Is that a confirmation that replication succeeded after a retry?

On 28-07-2021 14:36, Thierry Bordaz wrote:
> Hi Kees,
>
> Rotte successfully processed the problematic update
> (60fe8535001000030000), updating the database and recording the update
> in the changelog.
>
> Later Rotte tried to replicate the update to linge but the update
> failed on linge
>
> [26/Jul/2021:11:44:37.947738548 +0200] - ERR - NSMMReplicationPlugin -
> changelog program - _cl5WriteOperationTxn - retry (49) the transaction
> (csn=60fe8535001000030000) failed (rc=-30993 (BDB0068 DB_LOCK_DEADLOCK:
> Locker killed to resolve a deadlock))
>
> Rotte noticed this failure
>
> [26/Jul/2021:11:44:39.055890736 +0200] - WARN - NSMMReplicationPlugin -
> repl5_inc_update_from_op_result - agmt="cn=meTolinge.example.com"

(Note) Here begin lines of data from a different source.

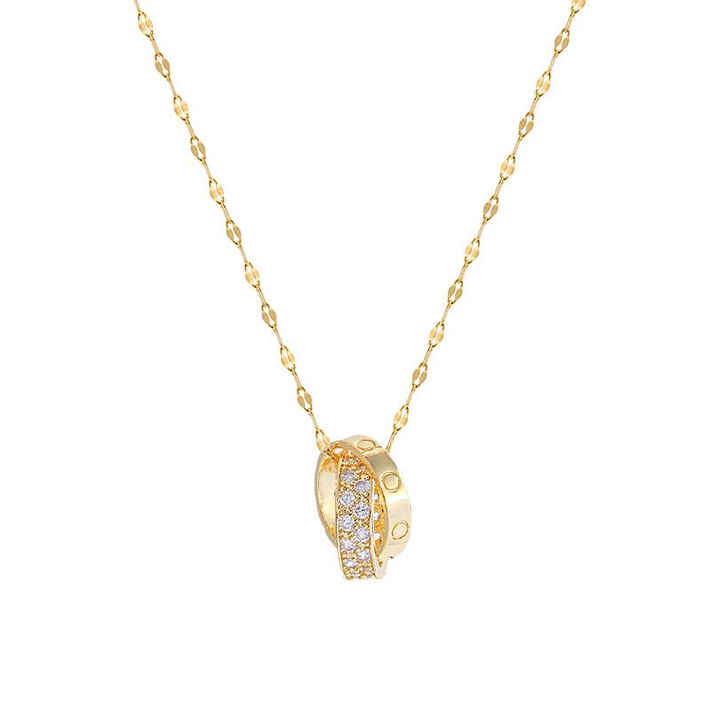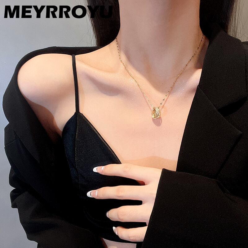 送料無料 Lステンレススチールダブルサークルジルコンネックレス女性2021スタイル鎖骨チェーンジュエリーギフト レース アクセサリー AE001182012214083
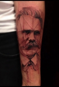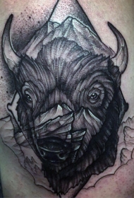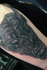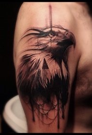 大臂雕刻风格黑色好看的鹰头纹身图案
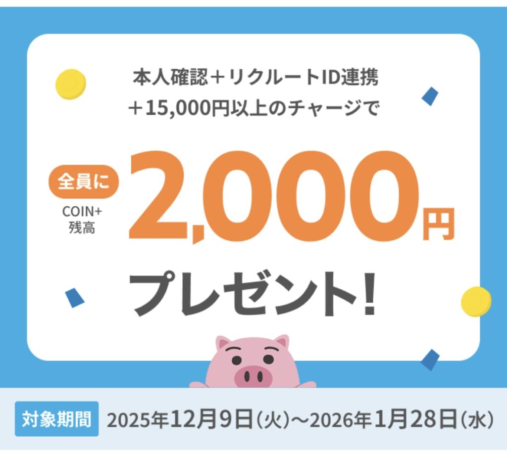 本人確認&リクルートID連携&15,000円以上チャージで2,000円

> (linge:389): Consumer failed to replay change (uniqueid
> 31283c01-a16511e9-93cf90e8-ab7c8ee8, CSN 60fe8535001000030000):
> Operations error (1). Will retry later
>
> And like mentioned in the log it retried later to replicate the update
> and this time it succeeded. You said the value was correct on all
> replicas. You may confirm that with a 'grep 60fe8535001000030000
> <rotte,linge,iparep4>/var/log/dirsrv/<instance>/access*' => err=1
>
> The reason of the original replication failure (on linge) is possibly
> related to the deadlock policy. By default DS, in case of DB deadlock,
> gives the priority to the youngest transaction and abort the others txn
> to resolve a deadlock. This default value works fine but in case of IPA
> where updates are very often nested (because of many plugins calls) it
> is not optimal. you may try nsslapd-db-deadlock-policy: 6 (priority to
> writers).
>
> DB_LOCK_DEADLOCK is a normal event. The server just retries. In case of
> too many retry, the operation itself fails. Replication just sends again
> the failing operation. ATM your topology looks healthy you may try to
> update the deadlock policy.
>
> Regards
> thierry
>
>
> On 7/28/21 2:10 PM, Kees Bakker wrote:
>> Hi,
>>
>> This is in a IPA deployment. We have three masters/replicas in a
>> triangular topology, A-B, B-C, C-A.
>> The systems are called: rotte, linge and iparep4.
>>
>> rotte is CentOS 7, with 389-ds-base-1.3.9.1-13.el7_7.x86_64
>> linge and iparep4 are CentOS 8 Stream, with
>> 389-ds-base-1.4.3.23-2.module_el8.5.0+835+5d54734c.x86_64
>>
>> Yesterday I removed some members from a user group on rotte. This
>> caused the follow errors
>> on linge (and on iparep4).
>>
>> Jul 26 11:44:37 linge.example.com ns-slapd[282944]:
>> [26/Jul/2021:11:44:37.947738548 +0200] - ERR - NSMMReplicationPlugin -
>> changelog program - _cl5WriteOperationTxn - retry (49) the transaction
>> (csn=60fe8535001000030000) failed (rc=-30993 (BDB0068
>> DB_LOCK_DEADLOCK: Locker killed to resolve a deadlock))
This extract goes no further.